Lviv clinical bulletin 2022, 3(39)-4(40): 21-25

Prostaglandin E2 in the Blood Serum of Patients with Gastroduodenal Erosive-Ulcerative Lesions with and without Comorbid Hypertension

Ye. Sklyarov1, A. Chetaykina1, M. Mbarki2, O. Kapustinsky1

1Danylo Halytsky Lviv National Medical University

2République Tunisienne Ministère de la Santé

Introduction. The combination of erosive-ulcerative lesions (EUI) of the gastroduodenal zone with hypertension (HT) is a common phenomenon and is a modern medicine’s pressing issue. Taking nonsteroidal anti-inflammatory drugs (NSAIDs), including by patients with HT, is accompanied by prostaglandin synthesis suppression due to cyclooxygenase inhibition and results in an arterial pressure increase. Moreover, it should be mentioned that patients with HT have a higher risk of gastroduodenal lesions.

The aim of the study. To explore the prostaglandin E2 content in the blood serum of patients with gastroduodenal erosive-ulcerative lesions without and with comorbid hypertension.

Materials and methods. The research involved 20 patients with gastroduodenal EUI without comorbid HT and 30 patients with gastroduodenal EUI suffering comorbid HT. All patients went through general clinical examinations, esophagogastroduodenofibroscopy (EGDFS), and stool tests to verify H.pylori infection, with prostaglandin E2 (PGE2) content in blood serum being determined.

Results. EGDFS showed that among patients with gastroduodenal EUI without comorbid HT, 25.00 % were diagnosed with gastric EUI; half of the cases (50.00 %) revealed duodenum lesions, and another 25.00 % – combined stomach and duodenum lesions. At the same time, patients with EUI combined with comorbid HT manifested more frequent (p ˂ 0.05) gastric localization of mucosal EUI (50.00 %); 16.67 % of patients had the duodenum lesions, while combined stomach and duodenum defects were observed in 33.33 %.

H. pylori infection was confirmed in 13 patients (65.00 %) with EUI without comorbid HT and in 22 examined individuals (73.33 %) with the gastroduodenal zone EUI and comorbid HT.

The endogenous PGE2 was significantly higher in patients who had only gastric mucosa and duodenum EUI without comorbid HT and amounted to 2135.79 ± 80.94 pg/ml (p ˂ 0.05), while patients with EUI and comorbid HT were tested a significantly lower PGE2 level in blood serum – 1513.55 ± 92.48 pg/ml.

At the same time, the significantly lower PGE2 level in patients with EUI and comorbid HT compared to the similar indicator in patients without it explains the differences in the EUI distribution in both groups of patients revealed during endoscopic examination. Since a significantly weakened PGE2 synthesis leads to lower bicarbonate and mucus secretion and more intensive acid production, the balance between the aggression and protection factors is upset, which contributes to the EUI emergence mainly in the stomach’s antral part.

The research has exposed no significant difference in PGE2 content in patients with duodenum mucosa EUI and those with a combination of gastric and duodenum mucosa lesions (p ˃ 0.05). Besides, the PGE2 content was tested significantly lower in patients with EUI gastric localization, than in those with combined ulcers (р ˂ 0.05). The presence or absence of H. pylori infection also did not affect the endogenous PGE2 level (p ˃ 0.05).
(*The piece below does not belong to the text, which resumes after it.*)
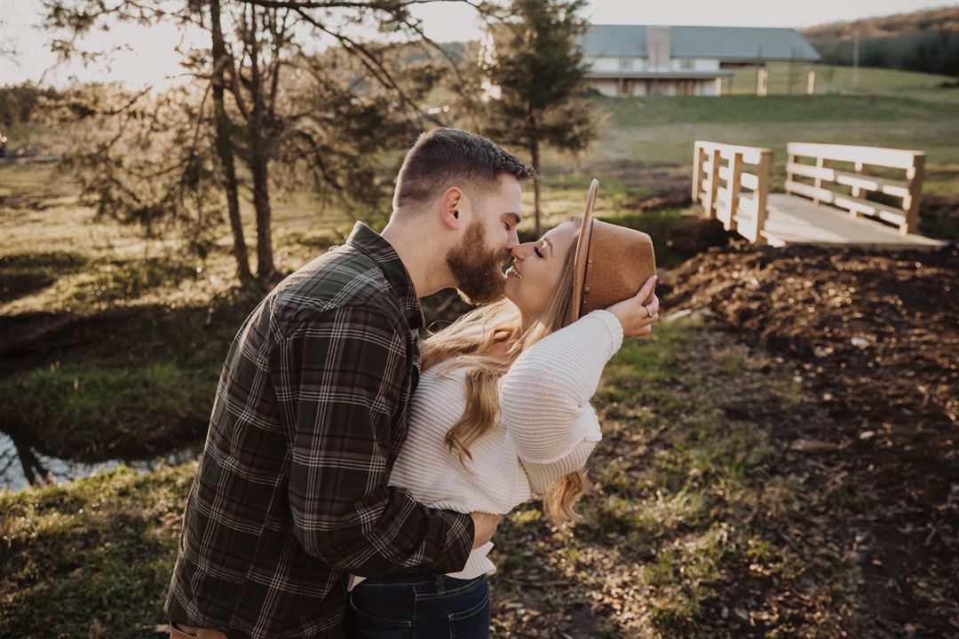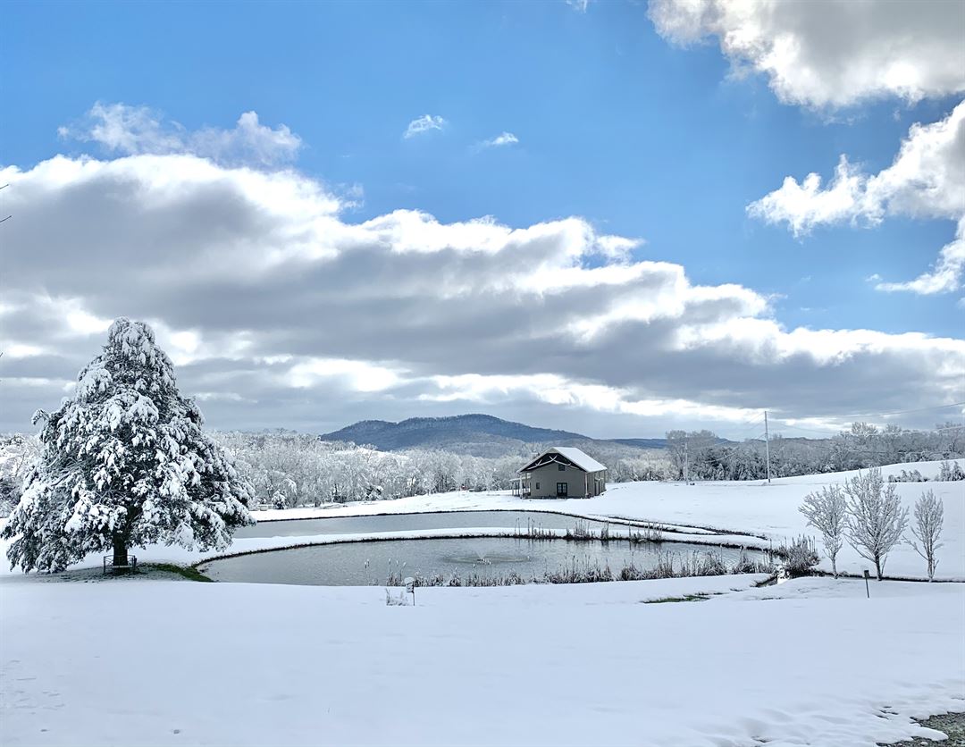 The ceremony courtyard has string lights and offers sunset views of the rolling hills. The large covered porch has a gas fireplace, making this space perfect for a cocktail hour or inclement weather ceremony location. Use of the ceremony arbor, 4 whiskey barrels and 2 large wooden spools are included. There are plenty of locations on property for ceremony location, wedding photos, and engagement photos.

Conclusions. The prostaglandin E2 content in the blood serum of patients with gastroduodenal erosive-ulcerative lesions with comorbid hypertension was notably lower than in patients with erosive-ulcerative lesions of the gastroduodenal zone without comorbid hypertension. Moreover, a significant prostaglandin E2 decrease in the blood serum of patients with gastroduodenal erosive-ulcerative lesions with comorbid hypertension upsets the balance between aggression and protection factors, which contributes to the emergence of erosive-ulcerative defects, mostly in the stomach.